The sugar industry engaged in the consumption of sucrose

When Couzens approached the sugar industry for comment, he was told the documents were ancient history. “They made a comment like, that was in the past and doesn’t reflect the mission of the sugar association right now,” she said. But then she found another document, an August 2003 internal Sugar Association electronic newsletter that announced that “The Sugar Association is committed to protecting and promoting the consumption of sucrose. Any disparagement of sugar will make the subject to vigorous and strategic public commentary and supporting science.”

Couzens said the paper shows that “the sugar industry is still very active in nominating scientists to serve on the Dietary Guidelines Advisory Committee, and it still publishes research through links with the World Sugar Research Organization. sugar, based in London. These scientific reviews that are published by the sugar industry are always considered in the review of evidence for dietary guidelines, so they always serve to balance the evidence,” she said.

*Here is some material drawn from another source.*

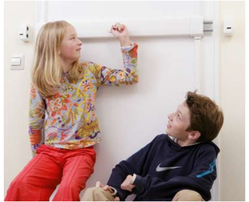
Der IKON-Protectorriegel DRS mit VdS-Anerkennung überzeugt neben seiner einbruchhemmenden Wirkung auch durch sein schönes Design.

Schutzrosette, die den Schließzylinder abdeckt und so vor dem Herausziehen schützt, ist durch die Tür mit dem Protectorriegel unsichtbar verschraubt. „Oftmals hat schon der bloße Anblick einer Zusatzverriegelung an Eingangstüren eine abschreckende Wirkung auf Einbrecher“, so Pfennig. Der Querriegel, der durch ansprechendes Design überzeugt, kann in seiner Standardausführung für alle Türbreiten zwischen 600 mm und 1.200 mm verwenden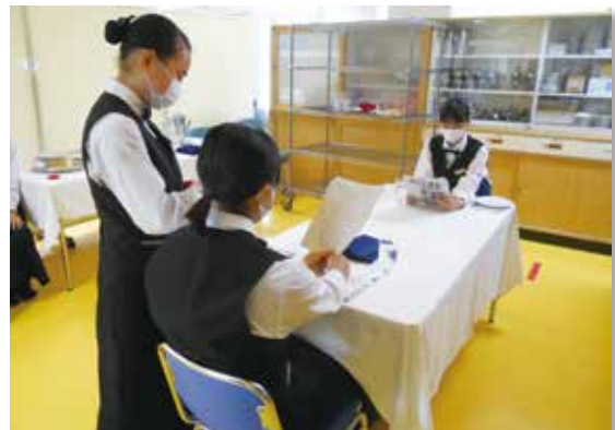
緊張感あふれる国家資格実技試験練習

Armed with all these documents, Couzens’ next challenge was to somehow make them public. She sought out author Gary Taubes, an American science writer who has written extensively on the health effects of sugar. He listened to her story and offered to help her get the documents published in the independent news magazine Mother Jones, under the provocative title “Big Sugar’s Sweet Little Lies”. What happened when this bomb finally came to light, after months of research and sacrifice? Nothing, said Couzens. The story was not picked up by the mainstream media.

Couzens attributes this to Hurricane Sandy. The media were distracted. But, she said, the story “especially caught the attention of food policy makers here in the United States, as well as researchers who had studied the tobacco industry and are seeing the parallels,” she said.

“I thought it was just wonderful and contacted her immediately,” said Marion Nestlé, author of Food policy, a professor at New York University and a vocal critic of the food industry. “Those kinds of things are very, very hard to find. One of the things that brought cigarette companies down was finding huge documentation of cigarette manufacturers’ efforts to cover up the fact that they knew cigarettes were unhealthy. It’s very, very hard to find that stuff, so it was a real treasure.”

When CBC News asked the Canadian Sugar Institute to comment on revelations that the sugar lobby group had influenced science and public opinion, it didn’t answer the question. Instead, we received this response: “The Canadian Sugar Institute (CSI) is the national, not-for-profit association representing Canadian sugar manufacturers in matters of nutrition and international trade. I present to you a summary of the scientific consensus on some common misconceptions about sugars and health.”

Chiara DiAngelo, nutrition communications coordinator at the Canadian Sugar Institute, also offered the names of several university professors to talk to for more information on industry-sponsored research.

This is the second of two special reports by CBC health reporter Kelly Crowe on how the industry designs food to make us crave it.